As counting continued through the night in the battle for some 4,300 seats on district councils, metropolitan authorities and the London boroughs, senior Whitehall sources said Mr Blair would make no final decision about the timing of the reshuffle until the results were in across the country.
However, close allies were urging the prime minister to avoid a weekend of uncertainty in favour of a speedy attempt to reassert his authority and control, and his government's credibility, particularly following the foreign prisoner release fiasco which continued unabated last night.
The Conservatives as well as Labour were playing down their expectations ahead of the formal declarations which were widely forecast to affect the duration of Mr Blair's tenure in Downing Street.
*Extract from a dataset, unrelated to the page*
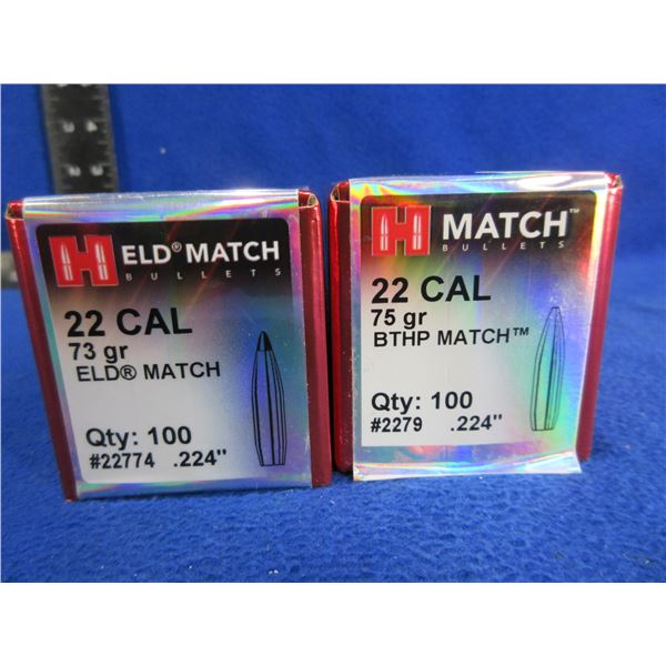 22 Cal. .224" Hornady Bullets - Sealed Box of 100 (73gr ELD Match), Box of Approx. 60 (75gr BTHP Match)
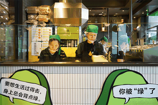 连店员帽子都是绿色的

They will also reveal what progress, if any, new Tory leader David Cameron has made in re-establishing his party as a credible alternative government.
Sources close to Mr Blair were actually predicting net Labour losses of up to 400 seats, while suggesting this would not be "a disaster".
Last month experts Colin Rallings and Michael Thrasher of the LGC Elections Centre at the University of Plymouth warned the party to expect losses to the tune of 100 seats or more.
Yesterday's spin on the likely final outcome reflected private Labour polling confirming that the Blair government has been badly hit by the prisoners controversy and by deputy prime minister John Prescott's admission of an affair with a former diary secretary.
Although Mr Prescott has retreated from public view in the past week, Mr Blair has apparently had no signal that he wishes to stand down, and informed sources say the prime minister is unlikely to ask him to do so.
However, Mr Clarke was back in the danger zone as it emerged that a foreign criminal awaiting trial on terrorism charges had been jailed previously in the UK and was not deported upon his release.
Mr Clarke's Conservative "shadow" David Davis said: "If true, this is as bad as it could be. It would amount to an unforgivable failure to protect the public against the most serious threat to their safety."